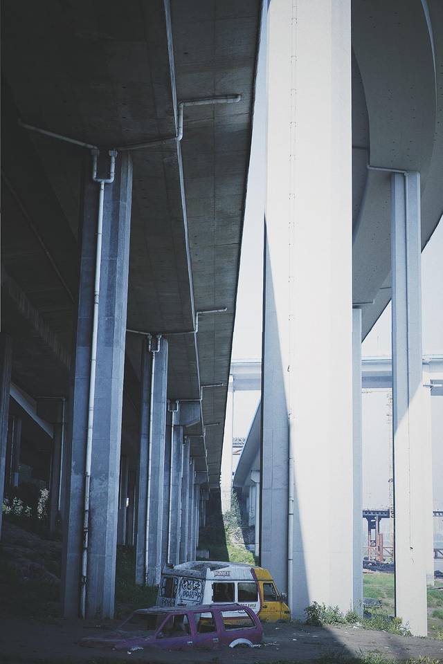 ❗元素:魔幻的立交桥,三辆陷在泥巴里的车(粉色黄色白色,色彩很适合拍照),远处还有钢筋元素。
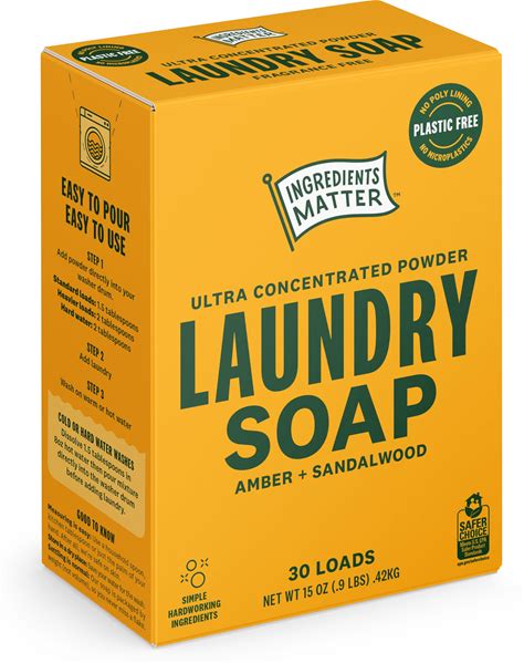 Ingredients Matter Powder Laundry Soap - Amber + Sandalwood Scent, Hypoallergenic Detergent, Natural & Eco-Friendly, Plastic Free, Natural Essential
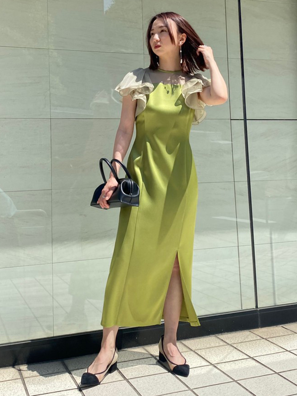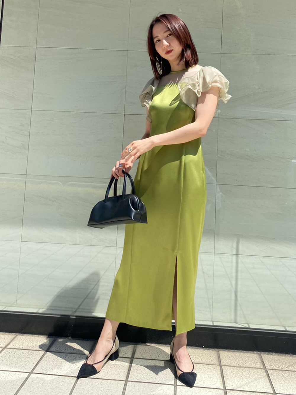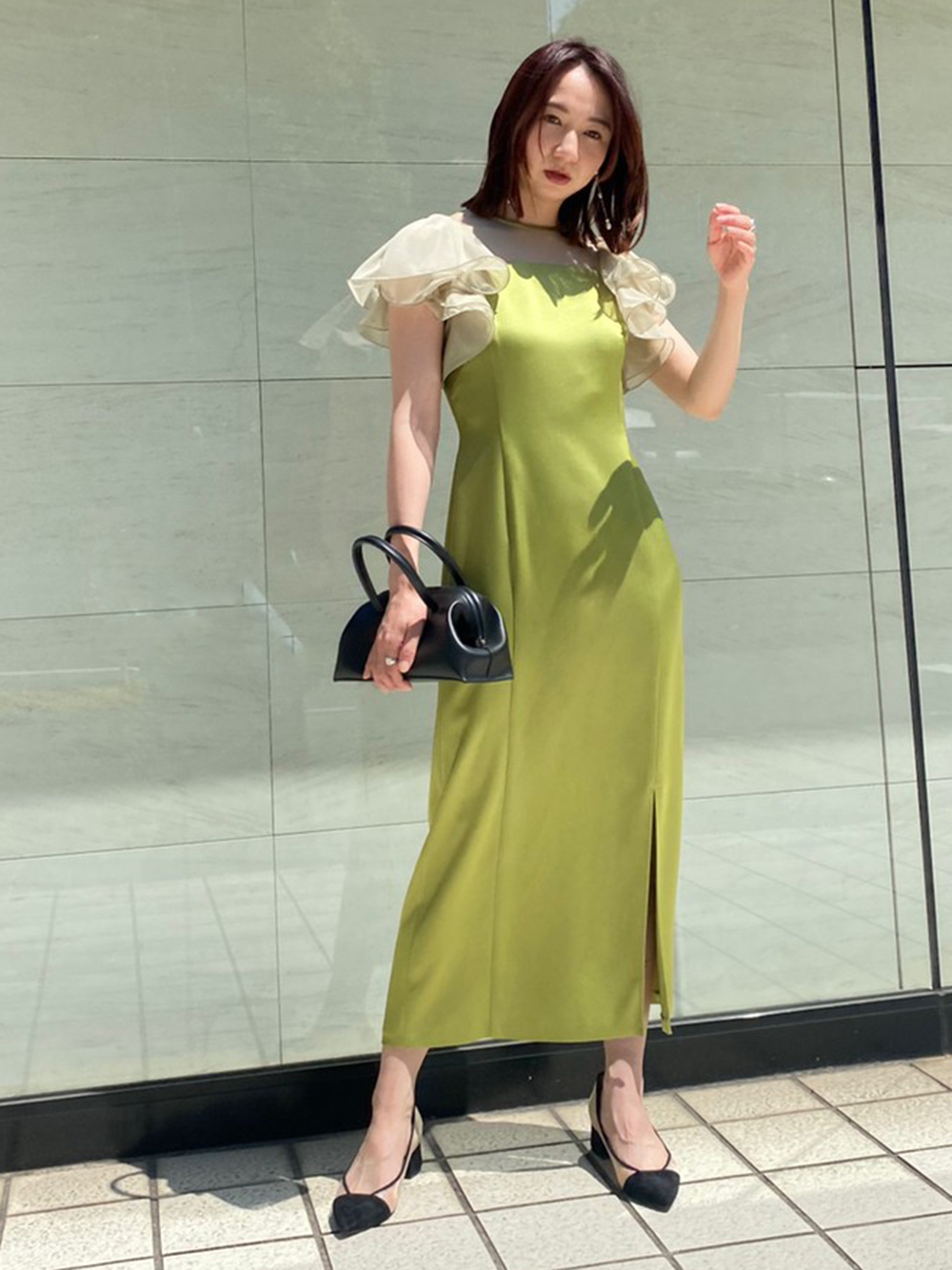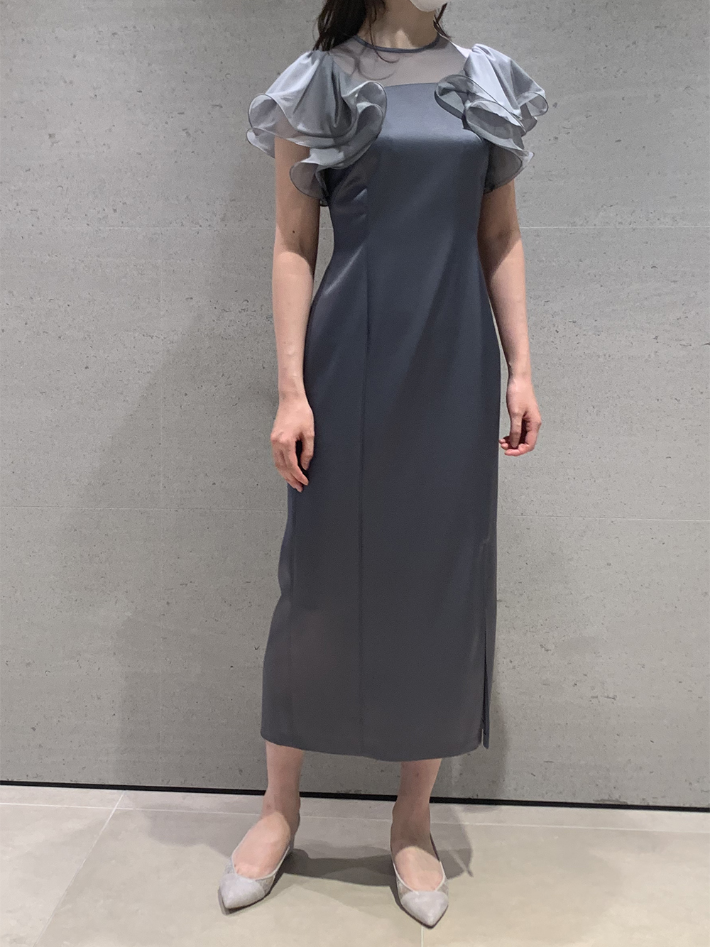 フリルスリーブコンビドレス

Your objective:
Return each line above exactly; any pictures are to be skipped.

Result:
 ❗元素:魔幻的立交桥,三辆陷在泥巴里的车(粉色黄色白色,色彩很适合拍照),远处还有钢筋元素。
 Ingredients Matter Powder Laundry Soap - Amber + Sandalwood Scent, Hypoallergenic Detergent, Natural & Eco-Friendly, Plastic Free, Natural Essential
 フリルスリーブコンビドレス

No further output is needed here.